UserLock benefits

Reduce the attack surface of your Windows Network Infrastructure

Logins are the first line of defense in controlling and securing Windows network access. In order to reduce the attack surface of a Windows-based IT infrastructure, access to a network must be set, controlled and enforced. UserLock enables the implementation and strict enforcement of a user access control policy.

UserLock allows you to Control “When”, “Where” and “How Long” your users access the resources on your network.

Alleviate the threat of shared passwords within an organization

Despite increased education and user security awareness, employees continue to share credentials, as there is no consequence on their own network access. Limiting or preventing concurrent logins decreases the likelihood of users sharing passwords, as it impacts their own ability to access the network. It provides the motivation to adhere to password security policy and help protect the organization’s critical assets.

Preventing concurrent logins also makes it impossible for a rogue user to use valid credentials at the same time as their legitimate owner and prevents serious accountability and non-repudiation issues.
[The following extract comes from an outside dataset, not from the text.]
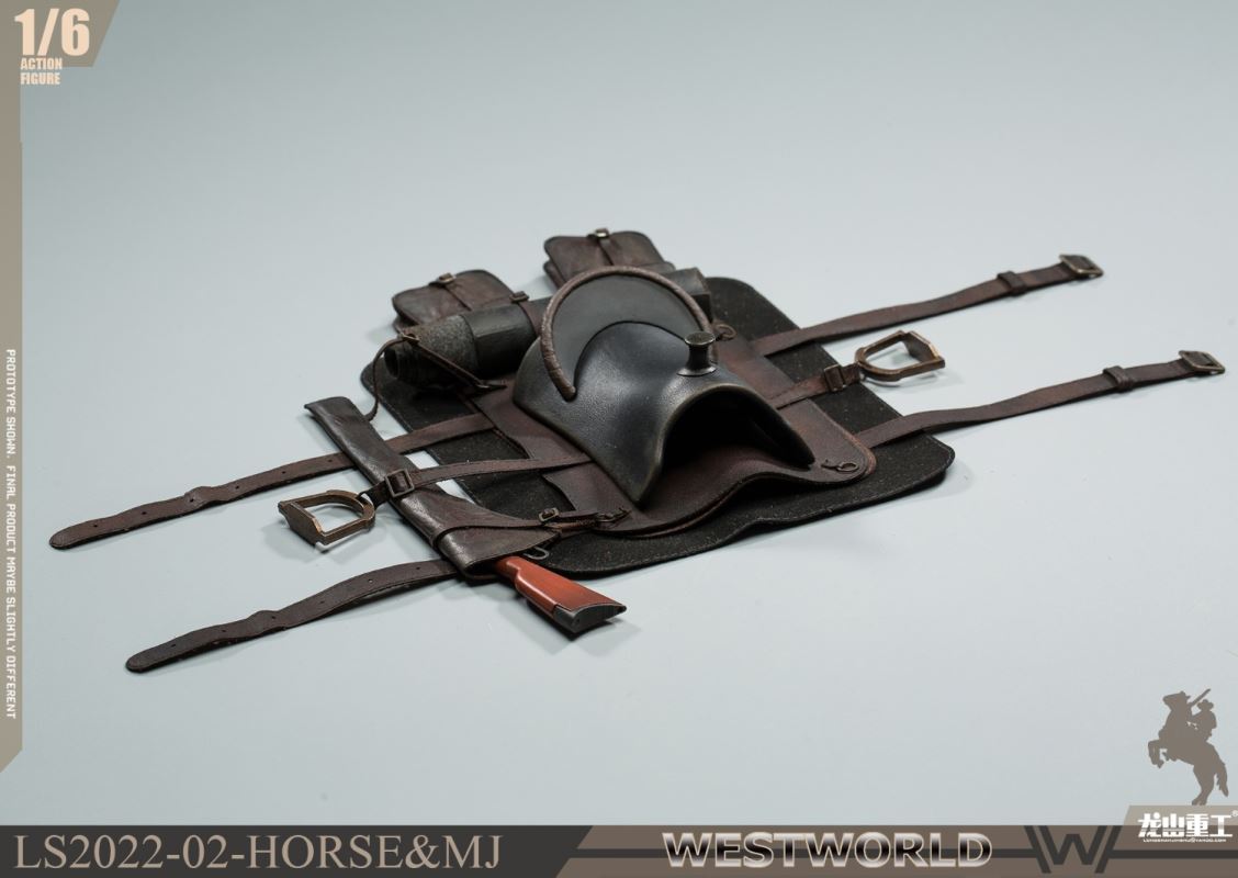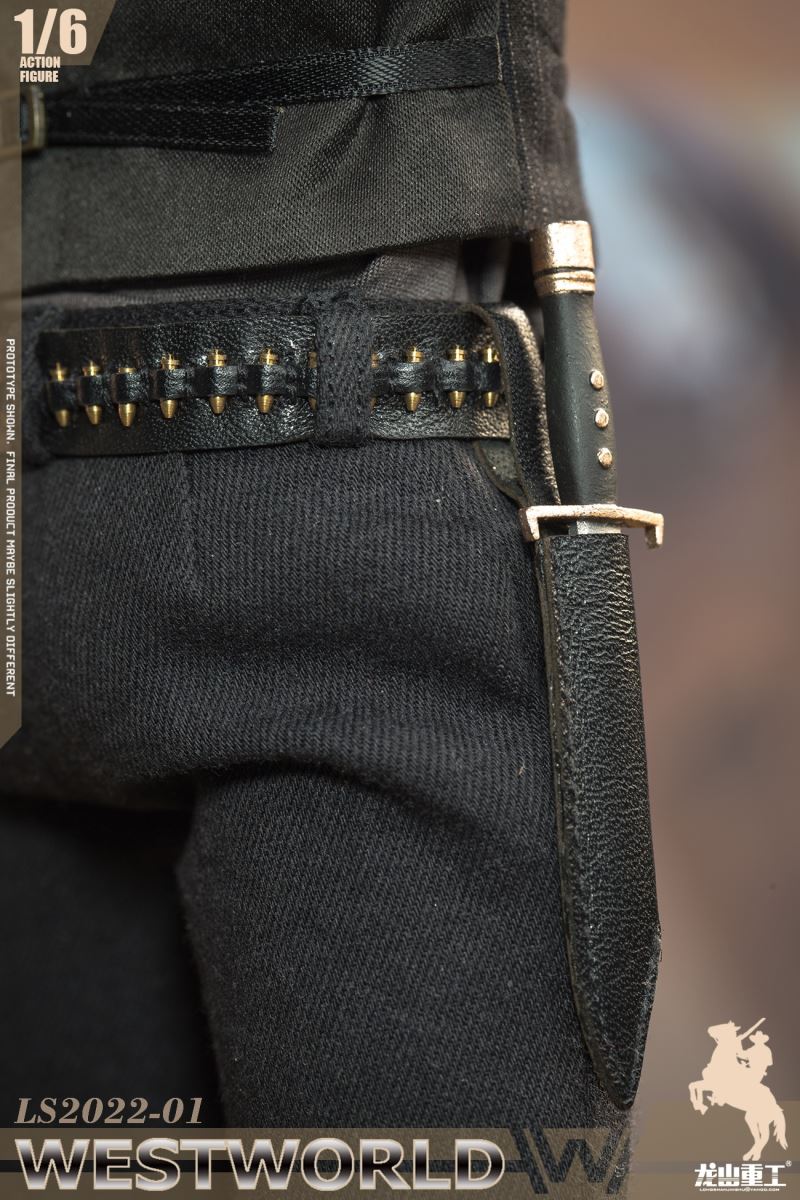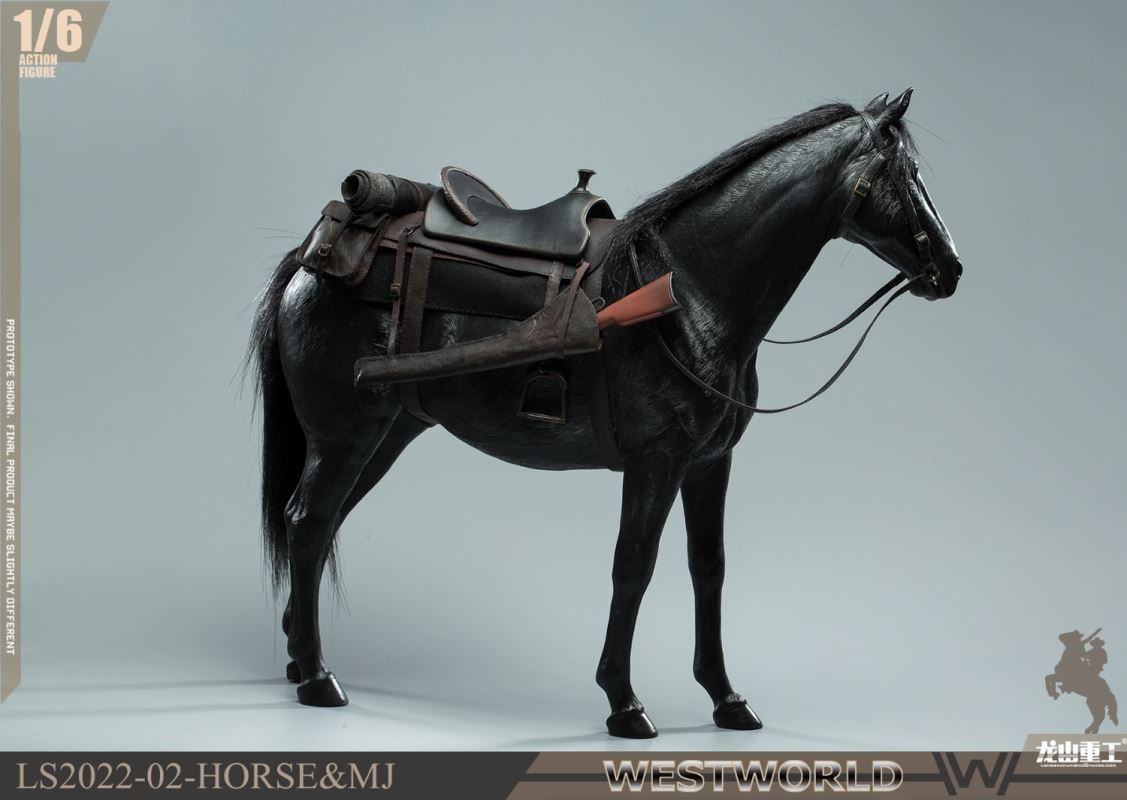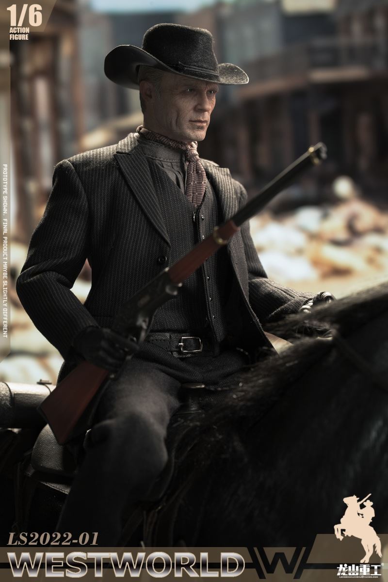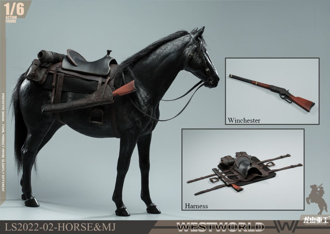 Long San heavy industries LS2022-01A 1/6 soldier, Western Paradise, man in blackNo: LS2022-01AProduct List:Head carving x 1voxel x 1suit x 1pants x 1vest x 1shirt x 1scarf x 1leather belt x 1leather revolver holster x 1leather dagger holster x 1Cowboy Hat x 1Leather Shoes (PVC) x 1hand type X 6revolver x 1Bullet (brass) X16dagger x 1bracket x 1==================Long San heavy industries LS2022-01B 1/6 soldier, Western Paradise, man in black, harness setNo: LS2022-01BProduct List:Black War horse x 1Saddle horse x 1saddle cloth x 1saddle Leather (leather) x 1saddle bag (leather) x 2saddle leather (leather)blanket x 1blanket blanket (leather) x 1blanket leather (leather)stirrup x 2Winchester Holster (leather) x 1winchester rifle (alloy) x 1

Efficiently mitigate insider threat and respond to suspicious or disruptive behavior

Addressing insider threats requires a layered defense strategy, consisting of policies, procedures and technologies. UserLock takes security controls beyond native Windows functionality and helps organizations mitigate insider threat.
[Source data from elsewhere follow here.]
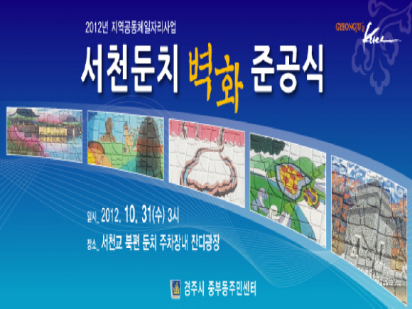 경주시 중부동주민센터는 “오는 31일(수), 오후 3시 서천교 북편 둔치주차장 내 잔디광장에서 “서천둔치 벽화” 준공식을 개최한다.“고 밝혔다.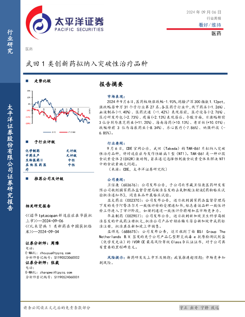 太平洋证券:医药行业周报:武田1类创新药拟纳入突破性治疗品种.pdf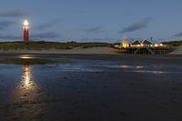 Texel, Cocksdorp - Der Texeler Leuchtturm und der schön beleuchtete Strandpavillon Faro2. Das Foto wurde vom Strand aus aufgenommen, mit dem Meer im Hintergrund.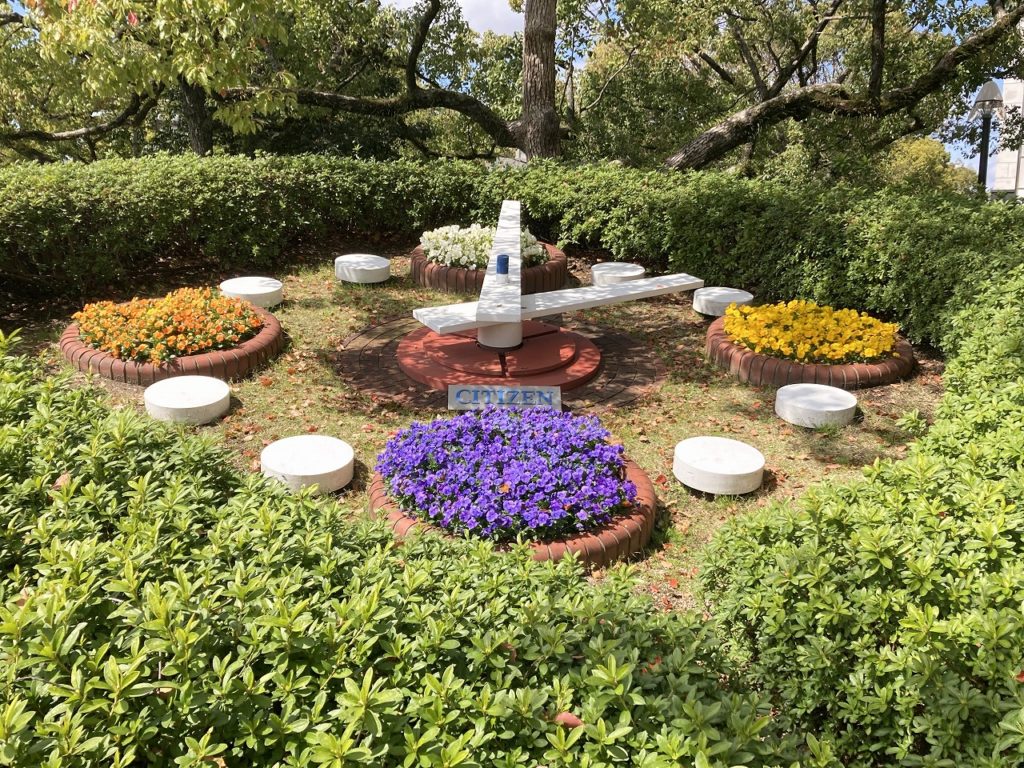 季節の花に囲まれ、観光客の待ち合わせ場所としても長年に亘り親しまれてきたが、今年8月、故障により時針が撤去されてしまった。秒針は数年前に既に撤去されている。

• Secures network access with granular access control
• Prevents users from sharing credentials to ensure access to critical assets is attributed to individual employees
• Stops rogue users from using valid credentials at the same time as their legitimate owner
• Monitoring and alerts on all Windows network sessions in real time to allow IT security teams to immediately respond to suspicious or disruptive behavior, reducing the risk of malicious insider activity
• Deactivates computer access within seconds to reduce risk from disgruntled employees
• Tracks and reports on all Windows and Active Directory sessions to support accurate and detailed IT forensics in the event of any suspected insider activity
• Warns users with customized messages to increase user security awareness and educate about insider threats

Perform accurate IT forensics in the event of an IT security breach.

UserLock records and reports on every session access event, enabling IT security teams to perform accurate and detailed IT forensics to support internal analysis and legal investigations.

If an IT security breach does occur, UserLock will provide accurate, detailed information about who was connected, from which system(s), since what time, for how long, etc.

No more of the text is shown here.